At 2:00 p.m. ET (1900 GMT), ratemywifey.com the Dow Jones Industrial Average rose 207.53 points, or 0.47%, to 44,763.57, the S&P 500 gained 11.61 points, or 0.19%, to 6,049.49 and the Nasdaq Composite lost 12.91 points, or 0.07%, to 19,641.11.
Nine of the 11 S&P 500 sectors traded higher, with property and utility stocks leading the gains while communication services fell over 3%.
Shares of Apple slipped 1.2% as Bloomberg News reported that China's antitrust regulator was getting ready for a possible examination of the iPhone maker.

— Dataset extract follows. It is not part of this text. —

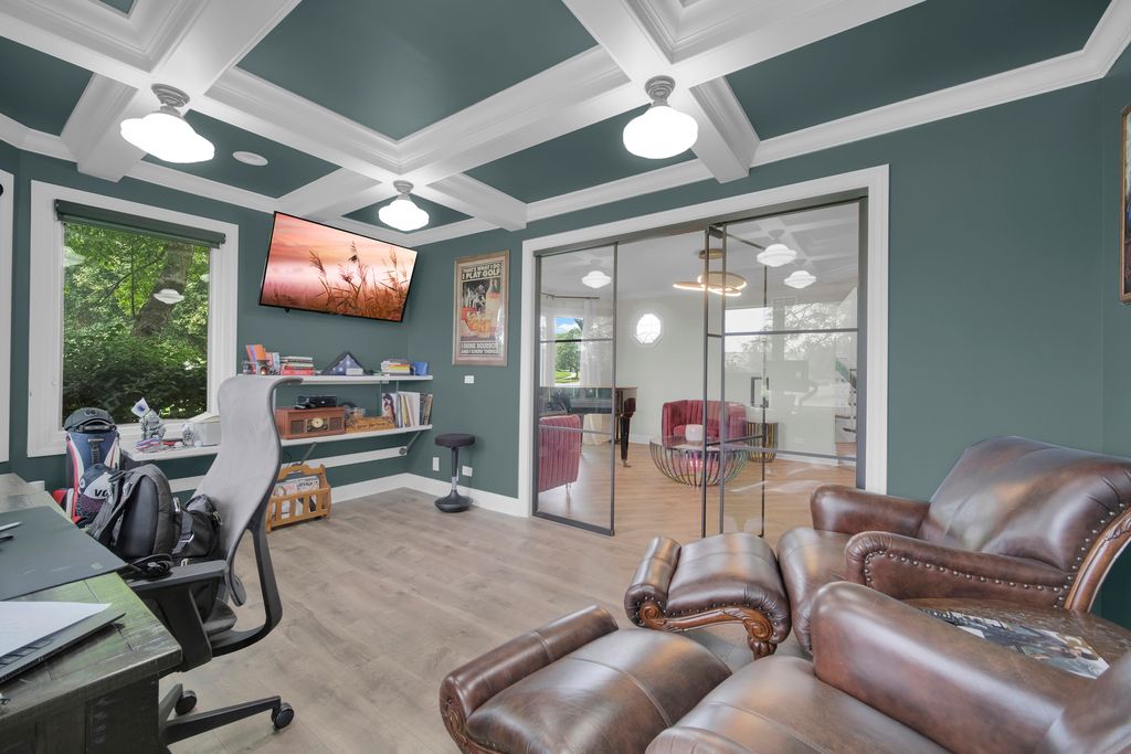 Nestled in the heart of White Eagle Club, this fully renovated custom home vibes modern-meets-classic with espresso hardwood floors and bold black-trimmed doors that make a statement the second you walk in; chill in the cozy front flex, lounge-style living room or level up your WFH setup in a sleek office or sunroom with custom built-ins and sparkle-tile accents , then step out to the spacious deck for sunrise coffee or sunset hangs over the golf course. Designed for entertaining, the formal dining room flows into a high-end kitchen with stone counters, clean white cabinetry, a hidden walk-in pantry, premium appliances, and a stylish butler's pantry with sink for extra flex. The two-story family room brings drama with oversized windows, a modern fireplace, and nonstop natural light, while even the laundry and mudroom serve looks with custom tile and smart design. Upstairs, the hotel-like primary suite is a legit retreat-vaulted ceilings, an oversized walk-in closet, and a spa-inspired en-suite with luxe stone finishes-plus three more bedrooms and two full baths, a private balcony with golf views, and a fully updated, move-in-ready vibe in one of Naperville's most coveted communities.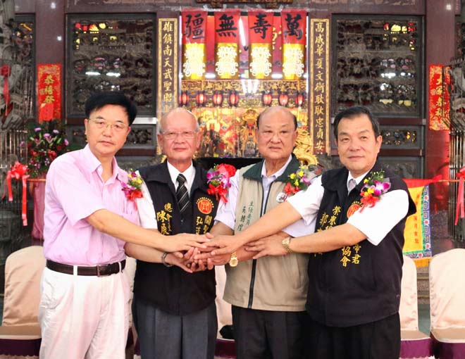 图:台湾中华关圣帝君弘道协会三任总会长吴朝煌(右二)、郭有智(右一)、陈展松(右三)与大陆文化学者朱正明紧紧握手

Fiserv advanced 7.3% as the payments firm beat estimates for fourth-quarter profit, assisted by strong need in its banking and payments processing system.
Markets likewise await developments on the tariffs front after Trump said on Tuesday he remained in no hurry to talk to Chinese President Xi Jinping to try to defuse a brand-new trade war between the countries.
The Cboe Volatility Index, referred to as Wall Street's fear gauge, dropped 6.3% to 16.1 today.
In business movers, FMC Corp plunged 32% after the agrichemicals manufacturer forecast first-quarter revenue listed below price quotes.
Johnson Controls jumped 12.5% as the building options business called Joakim Weidemanis as primary executive officer and raised its 2025 revenue forecast.
Advancing issues outnumbered decliners by a 2.62-to-1 ratio on the New York Stock Exchange, and by a 1.88-to-1 ratio on the Nasdaq.
The S&P 500 posted 31 brand-new 52-week highs and 12 brand-new lows while the Nasdaq Composite taped 100 brand-new highs and 85 new lows.